§ Directions for this task
The range to repeat runs from the line with "谨于此诚挚的向各位报告,至2019年巡回演唱会结束后,我将正式退出演艺工作。" to the last line below, both ends included; give it exactly and without pictures.

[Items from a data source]
= Beginning of Section =
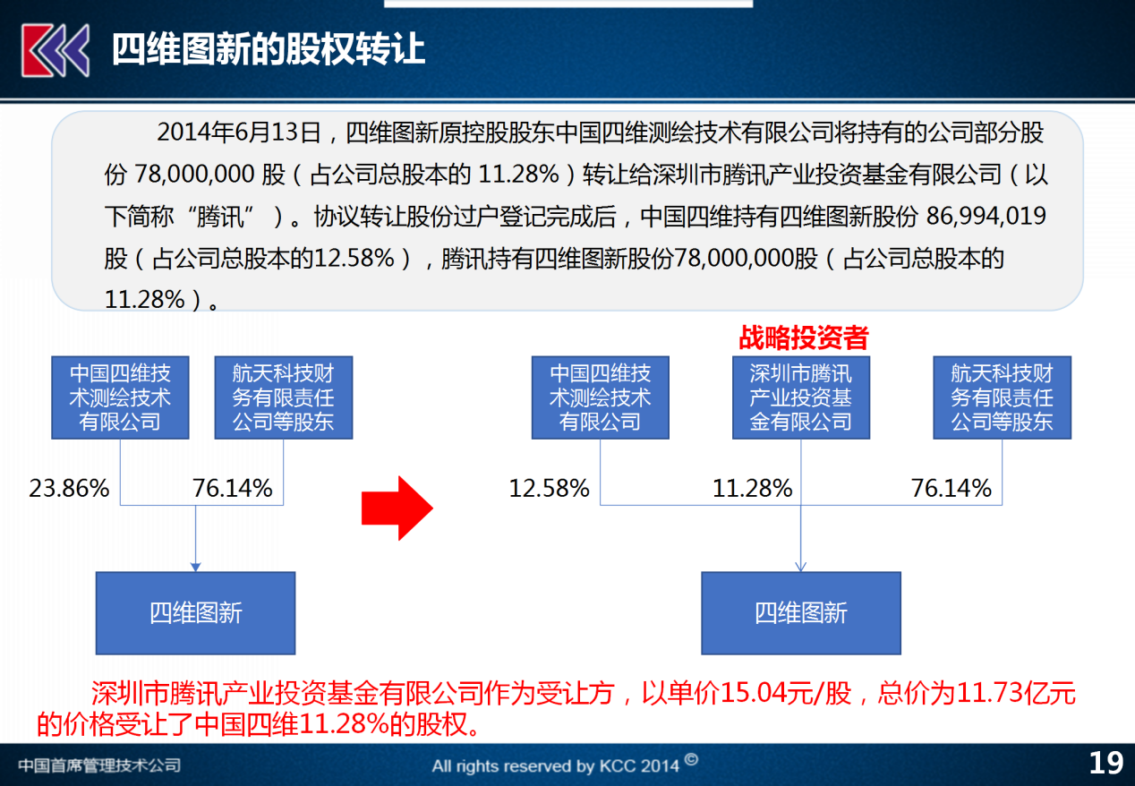 简单来说,2014年的6月份四维图新,他原来有个大股东持有23.86%的股权,这个大股东叫中国四维技术测绘技术有限公司,他通过大宗上市公司股权大宗转让的形式,把23.86%中11.28%的股权通过寻找投资人的方式,协议转让给了战略投资人腾讯产业投资基金,实际上把原先国有控股的上市公司的国有股比下降,同时引进了一个在IT领域非常厉害的世界级企业腾讯来做战略投资人,形成了一个崭新的股东的结构,拼接了新的资源,奠定了新的发展基础。
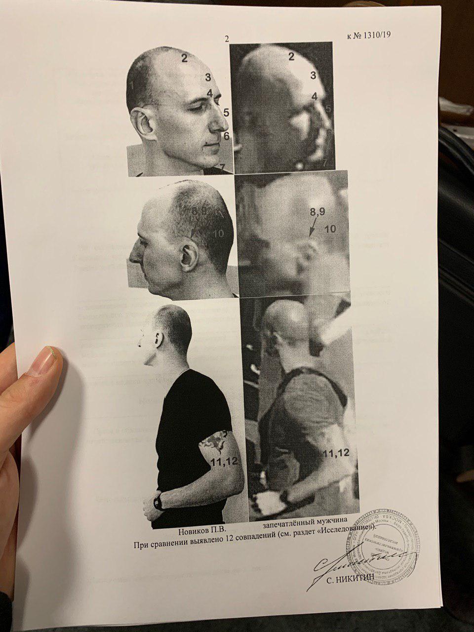 Исследование описано на одном листе (всего в заключении их три) — по 12 совпадающим признакам, в том числе татуировке. Эксперт приходит к выводу, что на видеозаписи, представленной следователем, запечатлен именно Павел Новиков. Кадры видеозаписи сравнивали с фотографиями Новикова, которые были сделаны в бюро. Время в заключении не уточняется, но вероятно, снимки сделали уже после задержания Новикова.
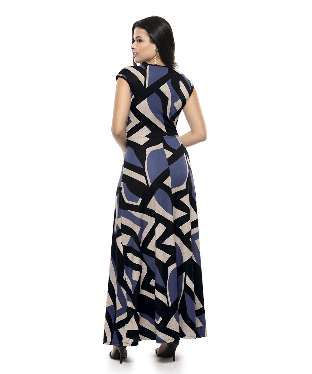 Vestido com decote redondo, mangas japonesas e cinto falso na cintura. Modelagem da saia godê. Comprimento Longo.
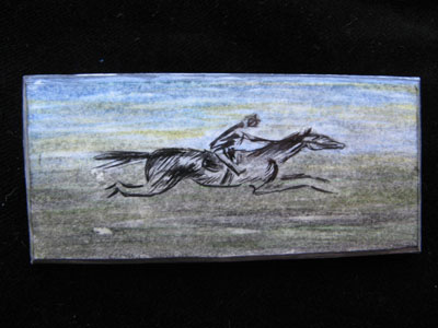 Brooch - ductile material, watercolour, lacquer.
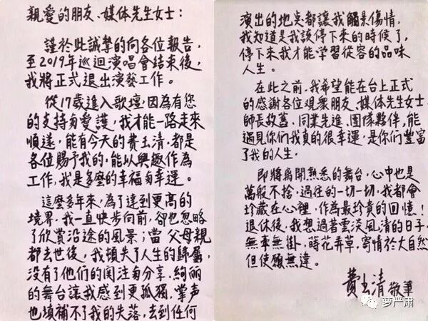 谨于此诚挚的向各位报告,至2019年巡回演唱会结束后,我将正式退出演艺工作。
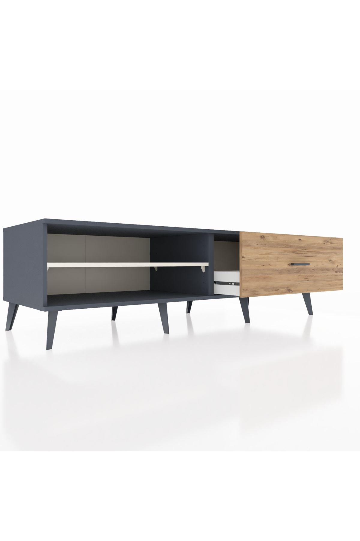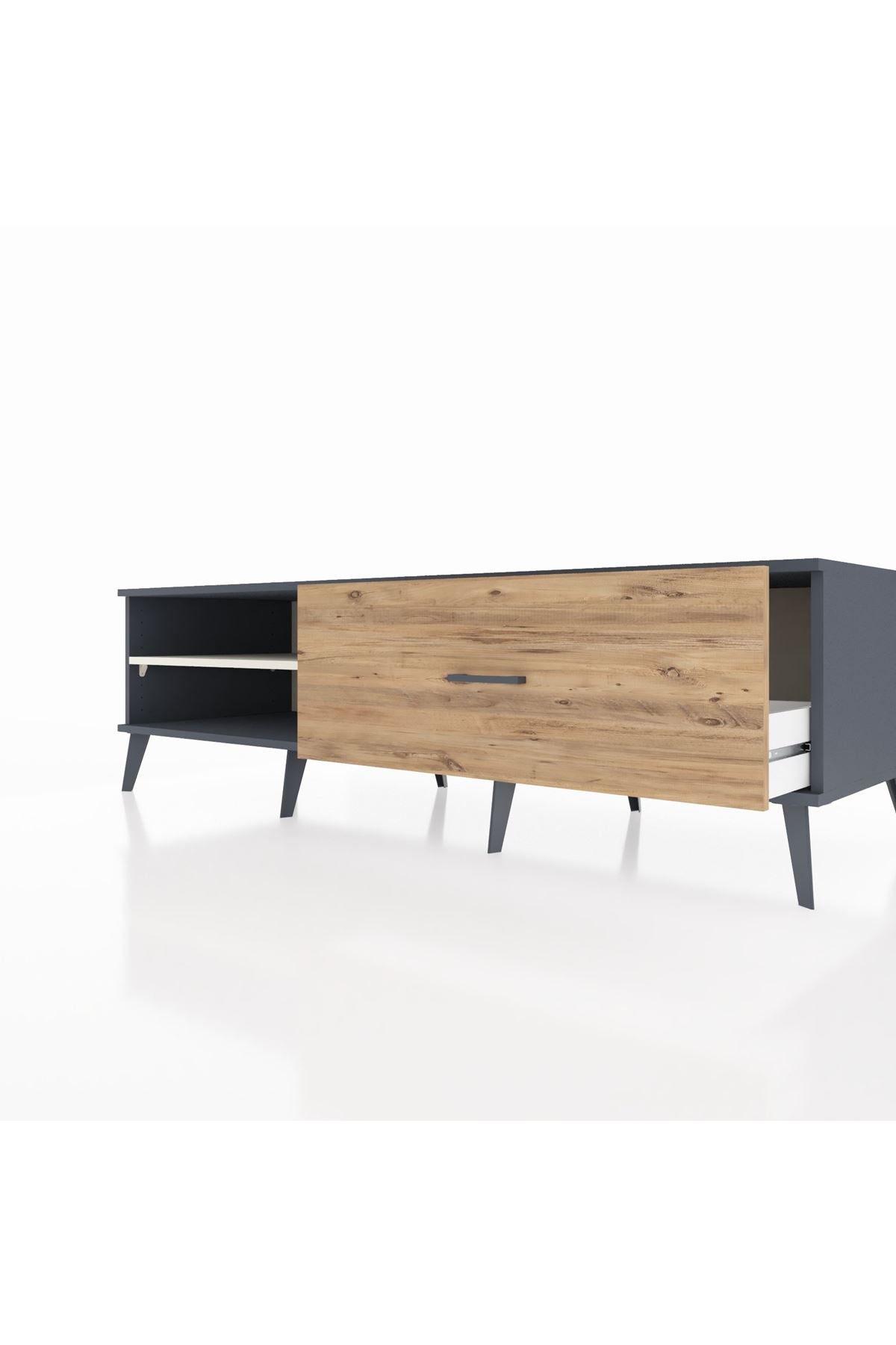 Kronos TV Ünitesi Tek Raflı Tek Çekmeceli 176x59x51 Antrasit-Aytaşı/Çam
= End of Section =
§ Finished exercise
 谨于此诚挚的向各位报告,至2019年巡回演唱会结束后,我将正式退出演艺工作。
 Kronos TV Ünitesi Tek Raflı Tek Çekmeceli 176x59x51 Antrasit-Aytaşı/Çam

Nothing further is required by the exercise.